When I go into work tomorrow I'll forawrd you a drawing of a set we did for Assassins. You might be able to adapt it realtively easily. Metal vs stick framing really depands on budget, building and ability, If you have the budget you can go either way. If you don't have the building facilities or tools for metal , tooling up can be exspenive. Last but not least how much stick framing vs metal expirience do you have ?


----------



## KenA (Feb 20, 2007)

I have never used metal framing. The budget is about $1000 and was planning on seeking donations from a couple supportive lumber companies to help with the expenses. 
I would love to see any plans you would be willing to share - Thanks!
Ken Ahlberg
Hermantown High School
Hermantown, Minnesota


----------



## Footer (Feb 21, 2007)

How big do you want the second story to be? Do you have any stock platforms/triscuits...? How many support braces and how far apart do you want them?


----------



## Van (Feb 21, 2007)

So I said I'd post something. Here's a gp view of our set for assassins. look through the layers to get color codeing for the different levels. Basically the bottom platform was supported by pony walls. The walls of each "cell" were true stud walls. There was a stud wall that ran the entire length of the upper deck along the upstage wall. All the platforms in this show were typical 2x4 framed 4x8's . the upper deck had to support the entire band, along with a rolling computer rack that held 3 servers and all the midi junk. Needless to say , a lot of weight. with some creative application of strategic framming I believe you could eliminate several of the lower cell walls and still be left with plenty of load-bearing potential on the upperdeck.

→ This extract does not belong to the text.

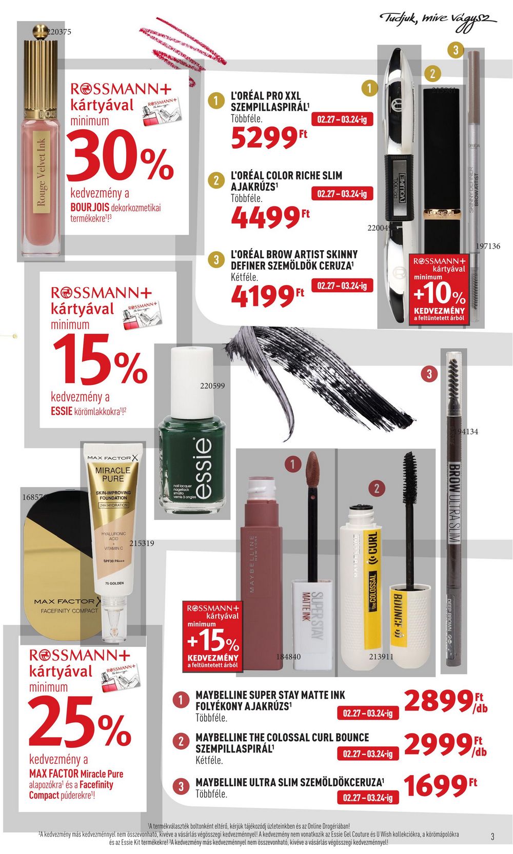 Rouge Velvet Ink 16857 220375 ROSSMANN+ kártyával minimum kedvezmény a BOURJOIS dekorkozmetikai termékekre¹!³ ROSSMANN+ kártyával minimum MAX FACTORX MIRACLE PURE SKIN-IMPROVING FOUNDATION 24H HVNGATIONI MAX FACTOR FACEFINITY COMPACT 15% kedvezmény a ESSIE körömlakkokra¹!2 HYALURONIC VITAMIN C SPF30 PA+++ AR 75 GOLDEN RN+1 ROSSMANN+ kártyával minimum ROSSMANN+ H ROSSMANN+ 215319 25% kedvezmény a MAX FACTOR Miracle Pure alapozókra és a Facefinity Compact púderekre¹! WERKING VÝLMATE AKUPRIN CHERCH essie vemis à ongle 1 2 3 220599 minimum L’ORÉAL PRO XXL SZEMPILLASPIRÁL¹ Többféle. 5299 Ft ROSSMANN + kártyával L’ORÉAL COLOR RICHE SLIM AJAKRÚZS¹ Többféle. 4499Ft Kétféle. +15% KEDVEZMÉNY a feltüntetett árból 02.27-03.24-ig L’ORÉAL BROW ARTIST SKINNY DEFINER SZEMÖLDÖK CERUZA¹ Kétféle. 02.27-03.24-ig 4199Ft MAYBELLINE 184840 02.27-03.24-ig MATTE INK SUPER STAY 22004 the COLOSSAL (CURL Tudjuk, mive vágysz 213911 2 MAYBELLINE THE COLOSSAL CURL BOUNCE SZEMPILLASPIRÁL¹ BOUNCE 02.27-03.24-ig 02.27-03.24-ig 3 MAYBELLINE ULTRA SLIM SZEMÖLDÖKCERUZA¹ Többféle. [VOLUME] 02.27-03.24-ig 3 ROSSMANN+ kártyával minimum +10% KEDVEZMÉNY a feltüntetett árból FOLYÉKONY AJAKRÚZS¹ Többféle. MAYBELLINE SUPER STAY MATTE INK 2899db PRE DEEP BROWN BROW ULTRA SLIM 194134 197136 2999 1699Ft ‘A termékválaszték boltonként eltérő, kérjük tájékozódj üzleteinkben és az Online Drogériában! A kedvezmény más kedvezménnyel nem összevonható, kivéve a vásárlás végösszegi kedvezménnyel! A kedvezmény nem vonatkozik az Essie Gel Couture és U Wish kollekciókra, a körömápolókra és az Essie Kit termékekre! A kedvezmény más kedvezménnyel nem összevonható, kivéve a vásárlás végösszegi kedvezménnyel! 3

I hope seeing these can inspire you a bit. Remember you're not framming a house. Although Building Code might say 2x12 minimum for a span of "x" Check the actual load specs. Its possible you could get away with a 2x8 or 2x6. Be careful but remember your'e not building a real house. Don't hesitate to ask any questions!


----------



## soundlight (Feb 21, 2007)

Just for reference - the lighting designer is going to try to strangle you. And if you are the LD...think for a sec. Where's the downlight gonna come from? it's sometimes OK to use a practical, but it's kinda hard to get everything lit well enough. Your decision may have already been made, but this is something that people usually don't think about when they make two story sets.


----------



## Van (Feb 21, 2007)

soundlight said:


> Just for reference - the lighting designer is going to try to strangle you. And if you are the LD...think for a sec. Where's the downlight gonna come from? it's sometimes OK to use a practical, but it's kinda hard to get everything lit well enough. Your decision may have already been made, but this is something that people usually don't think about when they make two story sets.


 

It's called a challenge !


----------



## soundlight (Feb 21, 2007)

We just had to do a show with an attic above it. Luckily, it was a 3/4 house, so we could light from center and 45 degrees to either side. It worked ok...but we really did ramp up the bulbs in the chandelier - 6 A-type bulbs (can't remember wattage off the top of my head, but 25 or so sounds right - instead of the usual 15 watters that this fixture had...we went right up to the wattage limit).


----------



## jwl868 (Feb 22, 2007)

Just out of curiosity, who does one deal with the open edge of the second story, to keep someone from falling 8 to 10 feet? Is a railing installed, or is it deep enough to keep people away from the edge?


Joe


----------



## tenor_singer (Feb 22, 2007)

KenA said:


> We are planning on staging a production of the new musical "Little Women" and are considering building the set where the attic used so often in the story is built above the main part of the stage - in essence, we plan to build the entire house on stage. We will then use it as a unit set, changing the main floor to match different locations, lighting the attic only when it is being used.
> Our space doesn't have a "stage" proper - it is actually a lecture hall with a very tall ceiling. Three quarters of the audience looks down on the actors for every performance. This may be the first time they can look straight ahead at the performers.
> Has anyone gone about designing a two story set and can give me some advice? Safety is paramount, but it needs to look good and be functional as well. (And we have very little budget - working on donations from local businesses.)



I did Little Women several years ago and here's what I did. I purchased a 40' x 15' scrim (my stage at that time was only 14 1/2 ' high. I used the scrim as the back wall of the living room and then built a higher scene behind it that was the attic. The raised scene was constructed on some old band risers (4' x 8' reinforced risers) clamped together into a 16' x 12' stage. I then built the bedroom and the small cubby where Joe goes to write on that. Whenever the action went form the downstairs to the upstairs, I just turned off the wash lighting on the scrim and vwalla... you could see the "attic" whild the set in front was dark (or dim if there were simultaneous scenes... like when the one girl was dying in bed and Joe was sitting on the davenport in the living room). I also constructed free-standing wainscottinng to make the back wall appear more like a wall and not a hanging scrim (plus it hid some floor lighting that we had to use to turn the scrim opaque).

I am currently digging through my pictures to find a copy, but am having no luck.

Feel free to PM with any further questions.

Good luck! It is a great show!

Tenor.


----------